• U.S.

Education: Youth Congress

4 minute read
TIME

Into New York City’s sports stadium on Randall’s Island one night last week marched some 550 young men and women from the earth’s six continents. They tramped across the field bearing red torches and the flags of 58 nations. The crowd of 23,000 cheered their foreign songs, their folk dances, their gymnastics, a collegiate shag performed by U. S. students. But it roared loudest when the spotlight fell on 13 delegates from Spain, jumped to its feet to chant the ‘Loyalist anthem. For this was no Olympic sports festival but a pacifists’ rally, the opening of the second World Youth Congress.

The Congress is a lusty two-year-old offspring of the International Federation of League of Nations Societies. Its pur poses: to exchange youths’ ideas, educate them for international cooperation, rally them to united action for preventing war. To carry out this ambitious program the first World Youth Congress in 1936 opened a one-room office in Geneva, installed there as international secretary a 23-year-old British delegate, small, brown-eyed, comely Elizabeth Shields-Collins, daughter of an East Indian trader. Miss Collins and her collaborator. Michael Wallace, son of the late British Author Edgar Wal lace, did their work so well that to the second congress last week came youths from almost every important country, nearly every major church, every shade of political opinion. It claimed to represent 40,000,000 of the world’s youth.

Boycotting the Congress on the ground that it was Red were Fascist Germany and Italy, the Catholic Church, the Boy Scouts of America. And in Washington, where the Dies committee was investigating “unAmerican activities,” onetime Red J. B. Matthews testified that Communists were exploiting innocent bigwigs as “fronts” for the Congress. Thereupon Vassar College’s President Henry Noble MacCracken, chair man of the U. S. sponsoring committee, snorted: “I think I have sufficient intelligence to know when I am being exploited.”

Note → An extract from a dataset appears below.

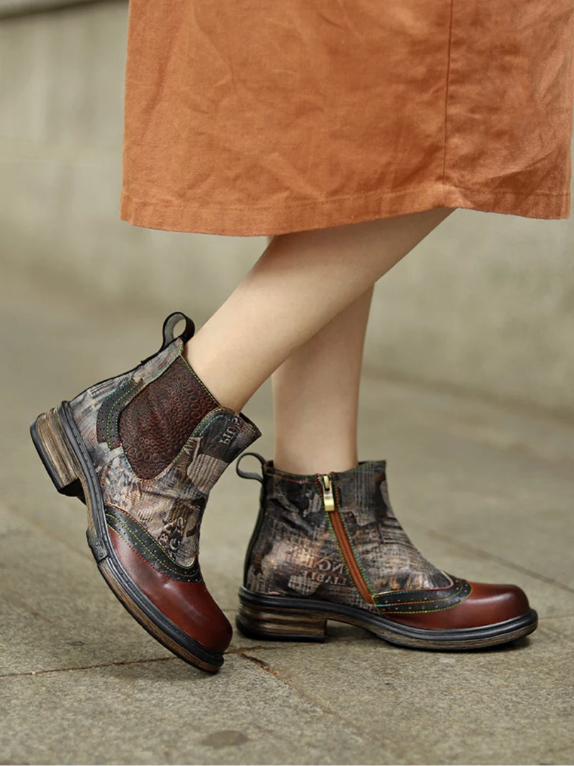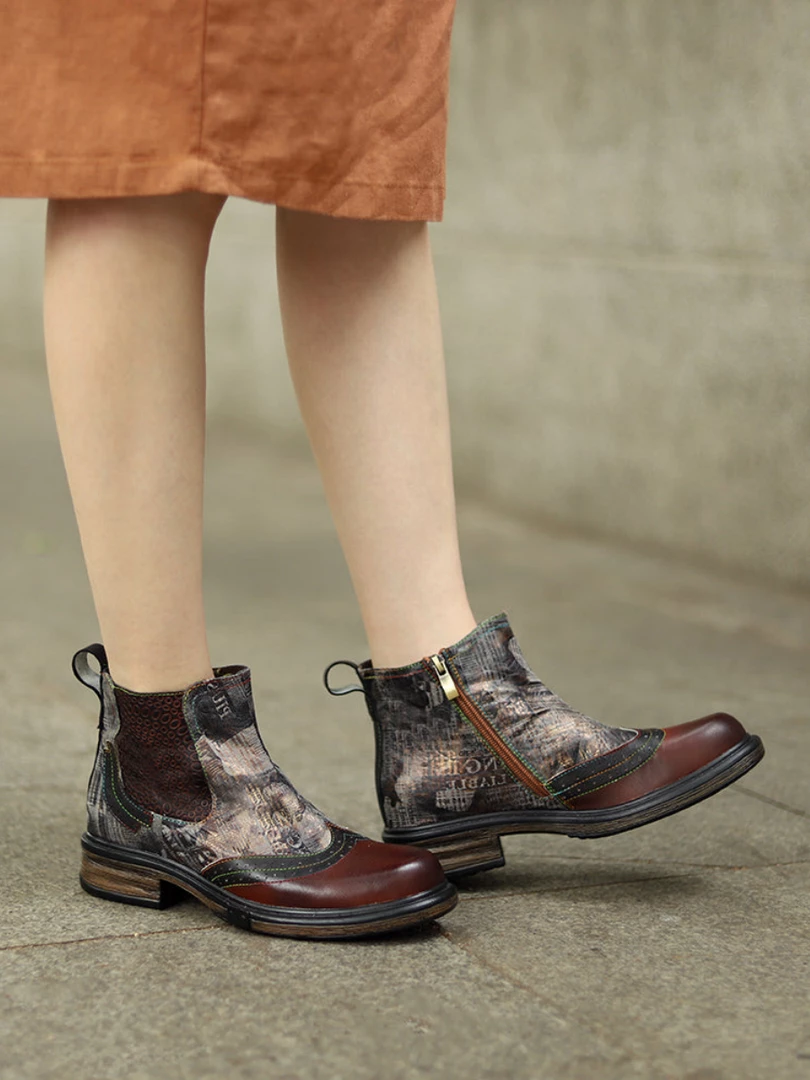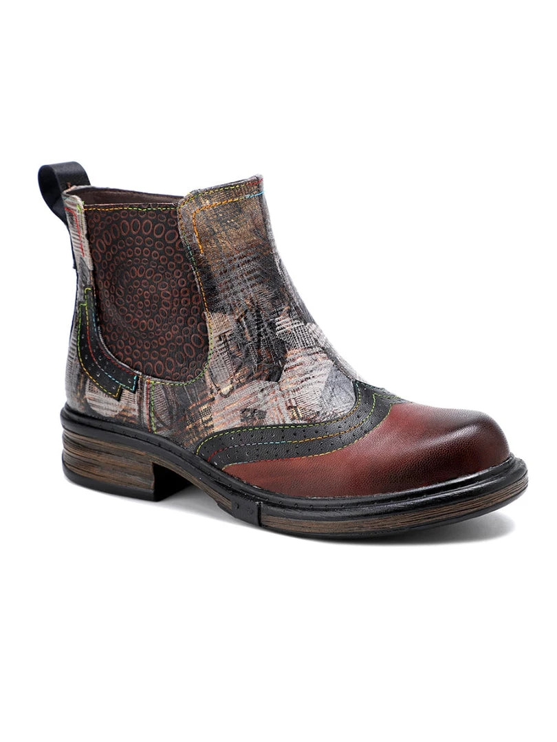 Revamp your boot rotation with this classie chelsea style leather pair boasting contrast shafts and chunky treaded soles for stylish strides that pair effortlessly with jeans or leggings.

When, after the opening rally on Randall’s Island, the Congress delegates went to Vassar for their deliberations, Poughkeepsie’s Acting Mayor William B. Duggan refused them the city’s welcome. But Dr. MacCracken greeted them warmly, as did New York’s Mayor Fiorello H. La-Guardia and three New Deal officials, led by Assistant Secretary of State Adolf A. Berle Jr. From nearby Hyde Park Mrs. Franklin D. Roosevelt came to address the delegates, became so interested that she returned to crochet and listen at two more sessions.

Red, black or yellow, the delegates (average age: about 25) set about saving the world with enthusiasm and organized cheering. Japan’s delegates argued amiably with China’s, the Socialists, not so amiably, with the Communists. A lone pro-fascist delegate from Eire. Seumas Ua hEamhthaigh (pronounced: Shamus O’Heavey), soon made himself at home. Youngest delegate was Spain’s Margarita Robles, 14, oldest was East Africa’s Ernest Kalibala, 38, born a bushman and now a school principal.

With dark-haired, spectacled Joseph Cadden, 25, leader of the U. S. National Student Federation when he was at Brown, and now a Providence newspaperman, as chairman, youth ran its own show in grownup style. From a big pressroom a dozen telegraph tickers sent correspondents’ reports to the world press. At plenary sessions delegates had earphones (such as the League of Nations uses) through which they heard English, French or Spanish translations of speeches. Highlight: India’s Yusuf Meherally shrilling: “181 years of British rule have reduced India to appalling poverty, mass illiteracy, malnutrition and disease.”

After eight days’ discussion, the delegates called on the democracies to unite against “aggressor” (fascist) nations, European Socialists splitting from their young U. S. comrades to support collective security. The Congress decided it had not lost faith in the League of Nations, urged the League to recognize Germany and Italy as the aggressors in Spain, proposed to end war in the Far East by boycotts of Japan. As the second World Youth Congress adjourned, some of the delegates, who had only one-way tickets, turned to lecturing and hitchhiking to get home.